エクスフォス・ストーリー 第2部 追い求める者 第3章 花と大地と風の都

第24節 魔法剣の使い手

 あれから3日経ち、ほとんどガレアのデータベース・ブースにこもりきりだったアーシェリス、 しかし、どうしてもあの最後の気になる文章についての情報まではでてこなかった。
「本当に忘れてしまったのか? 我々って何者なんだろうか? 忌まわしき出来事ってどんな出来事?」
 エルテンは人の名前――訊いたことあるぐらいだからエネアルドへ戻れば多分わかることだろう。 さらにはロバールの動機となりそうな情報も探したのだが、これと言ったものもなさそうである。 単純に考えると”魔剣グリフォン・ハート”欲しさに奪ったという可能性もあるのだが、それも定かではない、 第一、その場合は祀られていたのが”魔剣グリフォン・ハート”であることを知っていたかどうかという問題が浮上する。 まあ、”聖器”として祀られていたぐらいだから、それが理由で奪ったということは考えられなくもないが。
 アーシェリスの知っていたロバールについては、少なくとも聖器なるものを盗むようなやつではなかったと思った、 ロバールはノートスと同じく、かつてはエネアルドの勇士の一人だったはずで、聖山エネアルドの信仰に対しては熱い信者だったはずだからだ。 ただ、ロバールが事件を犯したのはアーシェリスが幼い頃の話でその当時のことやロバールの人となりを全然認識していなかったころのため、 あくまで人伝に聞いた話でしかないのだが、実際のところまではわからないにせよ、少なくともアーシェリスとしてはロバールについては最初から殺人犯であるという認識でしかなかった。
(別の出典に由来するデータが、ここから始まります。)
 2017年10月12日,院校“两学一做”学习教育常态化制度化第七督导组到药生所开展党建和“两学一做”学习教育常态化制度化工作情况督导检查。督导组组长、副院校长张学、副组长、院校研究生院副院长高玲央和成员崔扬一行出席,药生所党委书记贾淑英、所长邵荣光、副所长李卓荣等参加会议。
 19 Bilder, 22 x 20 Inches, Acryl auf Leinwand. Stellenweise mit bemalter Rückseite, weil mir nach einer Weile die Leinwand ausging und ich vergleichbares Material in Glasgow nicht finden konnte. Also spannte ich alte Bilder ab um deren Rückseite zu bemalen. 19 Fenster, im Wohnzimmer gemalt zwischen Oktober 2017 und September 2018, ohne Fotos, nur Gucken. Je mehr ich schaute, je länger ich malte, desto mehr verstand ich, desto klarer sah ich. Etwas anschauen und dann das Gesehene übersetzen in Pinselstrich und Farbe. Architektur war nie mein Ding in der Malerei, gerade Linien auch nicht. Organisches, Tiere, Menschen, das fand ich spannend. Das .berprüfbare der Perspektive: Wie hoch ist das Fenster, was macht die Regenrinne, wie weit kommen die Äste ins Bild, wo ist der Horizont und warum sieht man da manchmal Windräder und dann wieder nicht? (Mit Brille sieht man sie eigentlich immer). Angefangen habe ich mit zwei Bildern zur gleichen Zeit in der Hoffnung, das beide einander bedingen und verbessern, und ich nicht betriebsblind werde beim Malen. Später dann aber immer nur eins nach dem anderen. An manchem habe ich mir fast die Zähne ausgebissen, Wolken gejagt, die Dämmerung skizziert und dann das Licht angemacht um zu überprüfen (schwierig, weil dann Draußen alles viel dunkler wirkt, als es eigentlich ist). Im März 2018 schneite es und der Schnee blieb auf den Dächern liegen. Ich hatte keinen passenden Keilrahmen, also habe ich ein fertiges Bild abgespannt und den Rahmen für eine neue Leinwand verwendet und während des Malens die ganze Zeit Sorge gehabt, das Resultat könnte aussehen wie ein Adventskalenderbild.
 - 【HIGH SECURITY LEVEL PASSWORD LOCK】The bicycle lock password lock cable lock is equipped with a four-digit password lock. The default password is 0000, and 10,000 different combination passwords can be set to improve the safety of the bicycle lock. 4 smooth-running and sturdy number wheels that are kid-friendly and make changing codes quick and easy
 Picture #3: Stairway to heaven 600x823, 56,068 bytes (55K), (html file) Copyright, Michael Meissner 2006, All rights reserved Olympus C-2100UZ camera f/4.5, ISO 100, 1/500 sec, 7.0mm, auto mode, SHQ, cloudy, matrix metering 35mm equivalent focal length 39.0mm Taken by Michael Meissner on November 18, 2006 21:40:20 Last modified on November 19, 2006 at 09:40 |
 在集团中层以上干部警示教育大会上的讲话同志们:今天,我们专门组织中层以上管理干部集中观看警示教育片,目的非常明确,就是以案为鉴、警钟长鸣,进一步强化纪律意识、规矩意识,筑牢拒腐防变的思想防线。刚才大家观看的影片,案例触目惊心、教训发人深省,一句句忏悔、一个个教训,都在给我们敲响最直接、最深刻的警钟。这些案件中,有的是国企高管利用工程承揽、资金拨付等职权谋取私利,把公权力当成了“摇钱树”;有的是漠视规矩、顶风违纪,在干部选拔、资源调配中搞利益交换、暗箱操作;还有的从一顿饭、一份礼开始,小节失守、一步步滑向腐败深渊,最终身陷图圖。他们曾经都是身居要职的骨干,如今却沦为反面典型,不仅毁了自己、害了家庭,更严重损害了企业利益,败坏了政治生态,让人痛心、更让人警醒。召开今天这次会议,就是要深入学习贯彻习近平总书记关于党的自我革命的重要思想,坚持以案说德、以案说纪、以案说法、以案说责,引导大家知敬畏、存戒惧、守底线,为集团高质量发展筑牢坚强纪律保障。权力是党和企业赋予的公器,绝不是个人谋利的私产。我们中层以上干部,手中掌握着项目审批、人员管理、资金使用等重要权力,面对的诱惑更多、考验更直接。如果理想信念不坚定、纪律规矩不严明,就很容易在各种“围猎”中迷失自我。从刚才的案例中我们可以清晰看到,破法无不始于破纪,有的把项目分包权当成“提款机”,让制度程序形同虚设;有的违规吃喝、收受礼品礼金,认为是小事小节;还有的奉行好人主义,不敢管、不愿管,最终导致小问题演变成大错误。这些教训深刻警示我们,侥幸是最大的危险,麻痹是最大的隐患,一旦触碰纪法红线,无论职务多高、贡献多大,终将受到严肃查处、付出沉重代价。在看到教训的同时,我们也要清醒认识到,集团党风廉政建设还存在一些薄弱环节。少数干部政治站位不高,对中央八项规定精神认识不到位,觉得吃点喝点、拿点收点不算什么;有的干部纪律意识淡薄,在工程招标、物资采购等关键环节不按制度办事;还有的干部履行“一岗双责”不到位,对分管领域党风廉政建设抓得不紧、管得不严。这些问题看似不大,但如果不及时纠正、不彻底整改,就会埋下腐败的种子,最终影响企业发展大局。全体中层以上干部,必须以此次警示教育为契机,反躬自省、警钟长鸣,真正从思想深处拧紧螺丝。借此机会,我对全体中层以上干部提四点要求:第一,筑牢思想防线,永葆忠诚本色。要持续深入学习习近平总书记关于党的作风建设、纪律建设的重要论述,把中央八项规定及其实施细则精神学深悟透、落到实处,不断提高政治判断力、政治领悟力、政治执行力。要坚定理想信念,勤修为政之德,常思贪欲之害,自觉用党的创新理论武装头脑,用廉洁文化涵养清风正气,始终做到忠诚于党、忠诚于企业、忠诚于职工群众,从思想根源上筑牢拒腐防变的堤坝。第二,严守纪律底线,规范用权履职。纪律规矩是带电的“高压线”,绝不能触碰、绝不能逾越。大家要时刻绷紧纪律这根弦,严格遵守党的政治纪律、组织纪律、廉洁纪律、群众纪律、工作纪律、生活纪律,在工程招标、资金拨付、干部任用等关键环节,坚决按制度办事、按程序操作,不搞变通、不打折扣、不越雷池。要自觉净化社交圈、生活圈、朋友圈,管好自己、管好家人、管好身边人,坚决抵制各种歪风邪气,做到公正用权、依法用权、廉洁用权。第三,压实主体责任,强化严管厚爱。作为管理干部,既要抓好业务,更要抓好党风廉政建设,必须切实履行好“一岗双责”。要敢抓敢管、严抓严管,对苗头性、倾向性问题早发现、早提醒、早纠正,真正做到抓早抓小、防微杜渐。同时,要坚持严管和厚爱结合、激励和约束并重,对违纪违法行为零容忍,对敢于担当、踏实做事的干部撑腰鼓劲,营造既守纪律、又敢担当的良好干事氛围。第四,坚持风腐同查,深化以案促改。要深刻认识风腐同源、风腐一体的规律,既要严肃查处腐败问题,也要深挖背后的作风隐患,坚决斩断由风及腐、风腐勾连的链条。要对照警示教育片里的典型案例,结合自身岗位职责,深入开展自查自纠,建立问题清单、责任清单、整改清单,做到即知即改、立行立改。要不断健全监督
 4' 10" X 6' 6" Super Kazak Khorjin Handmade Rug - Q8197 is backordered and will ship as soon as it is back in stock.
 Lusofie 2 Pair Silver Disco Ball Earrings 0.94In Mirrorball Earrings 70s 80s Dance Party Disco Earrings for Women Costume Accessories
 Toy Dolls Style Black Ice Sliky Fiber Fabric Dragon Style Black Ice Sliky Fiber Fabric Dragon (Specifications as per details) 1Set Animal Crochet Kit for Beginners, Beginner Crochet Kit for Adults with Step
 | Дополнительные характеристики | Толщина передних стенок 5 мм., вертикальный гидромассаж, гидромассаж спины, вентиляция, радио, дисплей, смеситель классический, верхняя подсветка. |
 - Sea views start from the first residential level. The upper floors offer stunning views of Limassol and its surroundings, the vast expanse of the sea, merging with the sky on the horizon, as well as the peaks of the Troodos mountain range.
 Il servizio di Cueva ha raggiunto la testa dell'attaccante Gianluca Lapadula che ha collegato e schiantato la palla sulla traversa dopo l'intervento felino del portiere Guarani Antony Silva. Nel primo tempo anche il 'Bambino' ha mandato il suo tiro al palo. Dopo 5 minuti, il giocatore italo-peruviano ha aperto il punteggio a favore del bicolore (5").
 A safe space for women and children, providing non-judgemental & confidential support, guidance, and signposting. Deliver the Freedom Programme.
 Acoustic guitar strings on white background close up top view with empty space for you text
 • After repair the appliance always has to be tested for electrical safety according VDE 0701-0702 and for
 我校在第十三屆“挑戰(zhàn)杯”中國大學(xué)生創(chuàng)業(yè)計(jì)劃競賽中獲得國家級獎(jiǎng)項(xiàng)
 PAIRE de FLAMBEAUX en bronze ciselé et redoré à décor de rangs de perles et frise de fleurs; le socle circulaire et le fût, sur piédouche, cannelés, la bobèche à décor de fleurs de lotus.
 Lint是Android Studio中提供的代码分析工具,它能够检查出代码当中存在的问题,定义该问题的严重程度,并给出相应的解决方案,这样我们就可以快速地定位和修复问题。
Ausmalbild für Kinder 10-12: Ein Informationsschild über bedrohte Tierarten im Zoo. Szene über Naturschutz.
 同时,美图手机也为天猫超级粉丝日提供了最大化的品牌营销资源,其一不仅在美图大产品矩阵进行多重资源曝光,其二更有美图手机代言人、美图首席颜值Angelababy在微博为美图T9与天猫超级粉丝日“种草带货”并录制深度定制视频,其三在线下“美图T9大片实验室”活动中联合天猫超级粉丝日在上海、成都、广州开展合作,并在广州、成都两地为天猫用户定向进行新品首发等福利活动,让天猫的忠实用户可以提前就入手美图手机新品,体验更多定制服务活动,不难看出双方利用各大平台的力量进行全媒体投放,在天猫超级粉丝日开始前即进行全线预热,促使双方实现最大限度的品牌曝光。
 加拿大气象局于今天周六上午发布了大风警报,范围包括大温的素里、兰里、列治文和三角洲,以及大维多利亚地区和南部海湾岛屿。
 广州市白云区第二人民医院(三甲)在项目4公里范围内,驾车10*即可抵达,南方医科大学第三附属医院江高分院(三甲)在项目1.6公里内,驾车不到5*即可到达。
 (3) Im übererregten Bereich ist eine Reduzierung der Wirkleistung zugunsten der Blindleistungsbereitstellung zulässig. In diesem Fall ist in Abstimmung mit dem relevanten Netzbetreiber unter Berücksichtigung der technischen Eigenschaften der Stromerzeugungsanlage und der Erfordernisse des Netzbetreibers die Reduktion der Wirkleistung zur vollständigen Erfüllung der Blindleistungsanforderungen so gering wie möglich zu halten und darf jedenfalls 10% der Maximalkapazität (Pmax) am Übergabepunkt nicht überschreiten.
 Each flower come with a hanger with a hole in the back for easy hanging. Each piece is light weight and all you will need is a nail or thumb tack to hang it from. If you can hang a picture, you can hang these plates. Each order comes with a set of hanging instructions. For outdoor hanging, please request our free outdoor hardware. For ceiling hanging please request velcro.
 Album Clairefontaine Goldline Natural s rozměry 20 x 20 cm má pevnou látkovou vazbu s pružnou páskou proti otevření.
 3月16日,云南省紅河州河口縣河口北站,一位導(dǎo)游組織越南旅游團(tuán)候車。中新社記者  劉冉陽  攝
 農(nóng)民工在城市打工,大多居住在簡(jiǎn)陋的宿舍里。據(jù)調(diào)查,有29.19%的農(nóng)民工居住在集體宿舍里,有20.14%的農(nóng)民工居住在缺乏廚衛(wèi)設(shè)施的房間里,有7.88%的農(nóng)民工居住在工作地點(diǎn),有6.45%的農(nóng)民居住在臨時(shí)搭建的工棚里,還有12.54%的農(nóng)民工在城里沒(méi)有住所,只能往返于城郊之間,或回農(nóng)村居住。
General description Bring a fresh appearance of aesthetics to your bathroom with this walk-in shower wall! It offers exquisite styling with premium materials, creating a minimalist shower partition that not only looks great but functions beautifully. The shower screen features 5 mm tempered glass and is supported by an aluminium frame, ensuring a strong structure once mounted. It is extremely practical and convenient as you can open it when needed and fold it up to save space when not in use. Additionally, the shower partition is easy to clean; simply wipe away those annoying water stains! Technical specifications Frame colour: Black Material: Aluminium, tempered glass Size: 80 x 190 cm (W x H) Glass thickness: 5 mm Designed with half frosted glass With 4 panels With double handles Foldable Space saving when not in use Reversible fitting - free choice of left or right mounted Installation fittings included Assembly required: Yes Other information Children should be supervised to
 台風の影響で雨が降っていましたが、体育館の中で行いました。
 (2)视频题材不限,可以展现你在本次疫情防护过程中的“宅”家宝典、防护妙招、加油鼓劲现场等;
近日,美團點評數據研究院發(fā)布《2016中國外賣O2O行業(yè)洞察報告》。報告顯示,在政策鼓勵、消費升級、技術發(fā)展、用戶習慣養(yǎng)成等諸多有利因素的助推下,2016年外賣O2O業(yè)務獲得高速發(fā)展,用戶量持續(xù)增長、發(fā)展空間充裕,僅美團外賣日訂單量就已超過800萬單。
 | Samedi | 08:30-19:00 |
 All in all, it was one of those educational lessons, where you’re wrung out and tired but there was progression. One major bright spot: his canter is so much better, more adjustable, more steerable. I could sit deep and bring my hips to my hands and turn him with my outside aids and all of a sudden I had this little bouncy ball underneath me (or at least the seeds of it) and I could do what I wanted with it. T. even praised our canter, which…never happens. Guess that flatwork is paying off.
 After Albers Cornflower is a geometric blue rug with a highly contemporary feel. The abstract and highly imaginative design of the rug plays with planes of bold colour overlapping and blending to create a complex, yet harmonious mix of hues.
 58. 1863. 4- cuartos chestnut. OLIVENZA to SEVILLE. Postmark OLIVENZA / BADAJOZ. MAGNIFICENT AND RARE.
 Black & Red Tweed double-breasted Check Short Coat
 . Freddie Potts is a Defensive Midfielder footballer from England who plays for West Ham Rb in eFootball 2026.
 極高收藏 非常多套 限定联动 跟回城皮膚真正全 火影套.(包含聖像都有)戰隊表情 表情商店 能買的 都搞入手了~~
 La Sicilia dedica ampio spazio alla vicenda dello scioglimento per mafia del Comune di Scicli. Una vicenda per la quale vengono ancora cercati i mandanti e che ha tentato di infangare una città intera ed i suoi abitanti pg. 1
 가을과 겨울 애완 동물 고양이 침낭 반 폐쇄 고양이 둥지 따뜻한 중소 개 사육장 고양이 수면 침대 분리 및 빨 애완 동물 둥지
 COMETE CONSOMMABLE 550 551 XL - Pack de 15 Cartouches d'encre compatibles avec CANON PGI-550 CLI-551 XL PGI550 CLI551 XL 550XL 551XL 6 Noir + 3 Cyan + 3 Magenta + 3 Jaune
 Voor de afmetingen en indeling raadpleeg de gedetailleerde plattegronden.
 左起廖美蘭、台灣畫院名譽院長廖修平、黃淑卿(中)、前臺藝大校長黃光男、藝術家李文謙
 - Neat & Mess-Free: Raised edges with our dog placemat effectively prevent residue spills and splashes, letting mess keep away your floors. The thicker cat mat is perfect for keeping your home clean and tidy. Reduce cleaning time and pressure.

 それから数日が経った。 その日のアーシェリスは外の広場でアールを相手に剣を構えて対峙していた。
「アーデウス君はエネアルド島の名家のオンゾーシだったね。出来れば手加減してくれると助かるよ。」
「あのな――」
 名前を間違えるのは意図的なものなのか本気で間違えているのかはともかく、 仮にも帝国の将軍、手加減なんてあり得ないだろう――アーシェリスはそう思っていた。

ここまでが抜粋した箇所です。